Peyper defends Bok Bomb Squad from criticism

Jaco Peyper. | Backpagepix

Jaco Peyper. | Backpagepix

Published Jul 9, 2024


Mike Greenaway

The Springboks’ refereeing advisor, Jaco Peyper, has poured cold water on the international criticism that the Springbok Bomb Squad is dangerous and not in the spirit of the game.

During the last World Cup, the Boks’ use of close to a second pack of forwards off the bench attracted criticism in some quarters, notably from former Scotland coach Matt Williams, and it has been revived after the Bomb Squad detonated in a set scrum late in the first Test at Loftus on Saturday to earn the Boks a penalty try.

Peyper pointed out that Ireland used a similar split between forwards and backs on the bench in this year’s Six Nations.

“I think the law is pretty clear you can do it,” Peyper said. “I don’t think that makes it dangerous. It makes it dangerous when players don’t drop their height into contact.
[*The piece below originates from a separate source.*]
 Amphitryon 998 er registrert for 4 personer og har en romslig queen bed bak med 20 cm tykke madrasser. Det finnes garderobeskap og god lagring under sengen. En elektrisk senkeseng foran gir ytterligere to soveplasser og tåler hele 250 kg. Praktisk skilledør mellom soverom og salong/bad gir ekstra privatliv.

“It makes it dangerous when players take a risk in the air and don’t respect the other player in the air. I don’t think the Bomb Squad or a 6-2 split makes it dangerous. Ireland played with a 6-2 split three times in the Six Nations, nobody talked about them.

“I think it’s because it was effective. The safety of the game is determined by the shape of the game. Laws are made to protect players. A fresh pair of legs doesn’t make the game dangerous. I’ve seen a paper written by Dr Ross Tucker that says the risk of injury goes down when fresher players enter the pitch.”
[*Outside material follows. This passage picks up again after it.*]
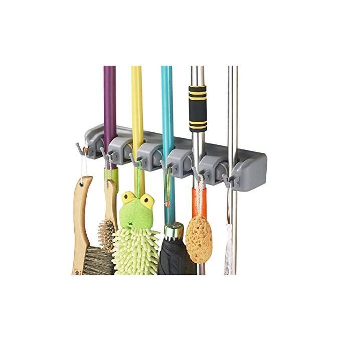 Support de rangement mural pour support de rangement pour organisateur de balai, (5 positions et 6 crochets)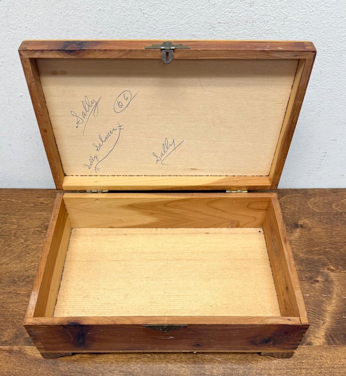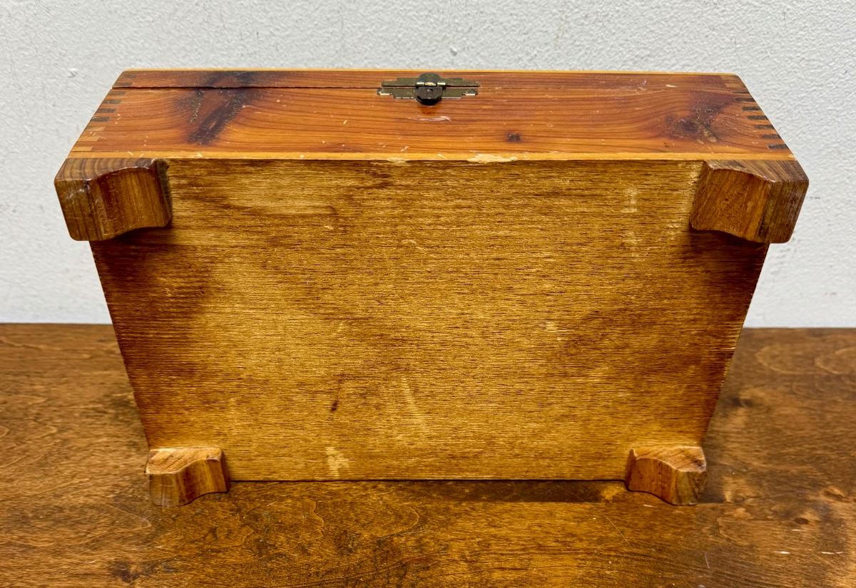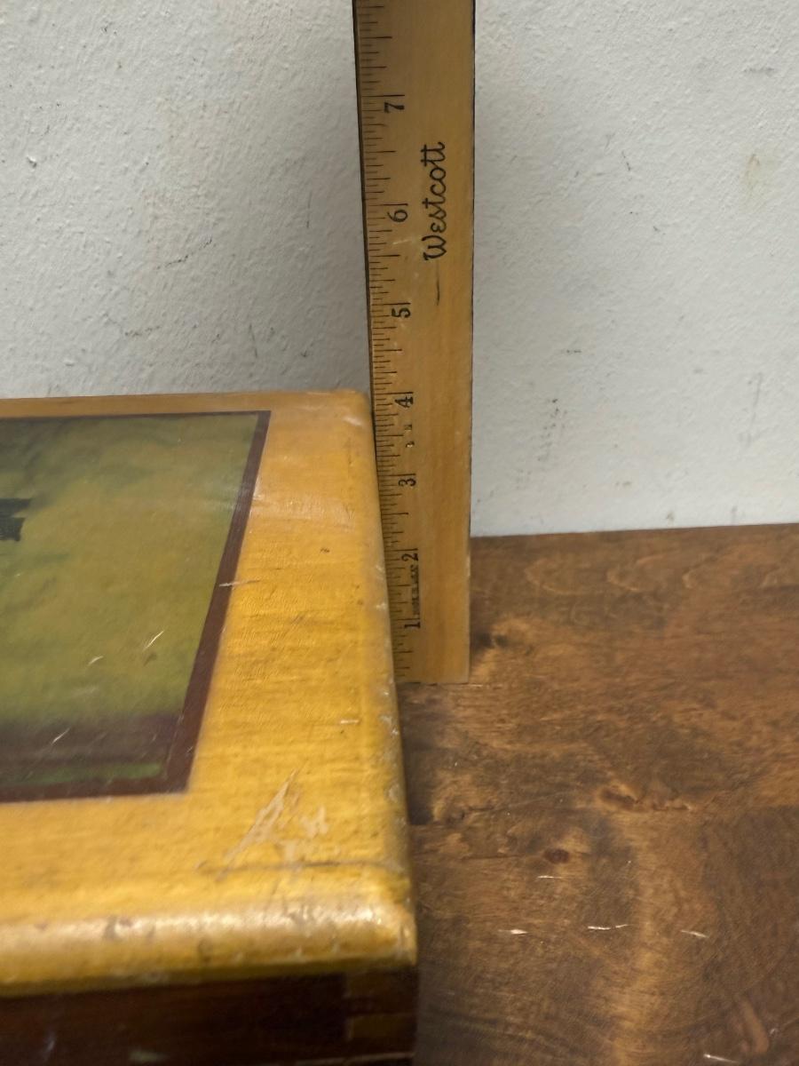 Dovetail construction. Flower basket still-life image on the lid. In good condition.

Peyper was speaking at a media conference in Durban ahead of Saturday’s second Test and he gave his opinion on some of the calls made by referee Luke Pearce on Saturday. He denied that the Boks enjoyed the rub of the green.

“It’s factually based,” he said when asked about why Ireland wing James Lowe’s try was chalked off because of an earlier infringement at the breakdown.

“If you look at that try, two years ago in Dublin, Ireland scored a try from the exact same action where the hooker kicked the ball out of the breakdown and Ireland got the benefit of the doubt that day. This time it went the other way. It’s fact-proven and follows a process.”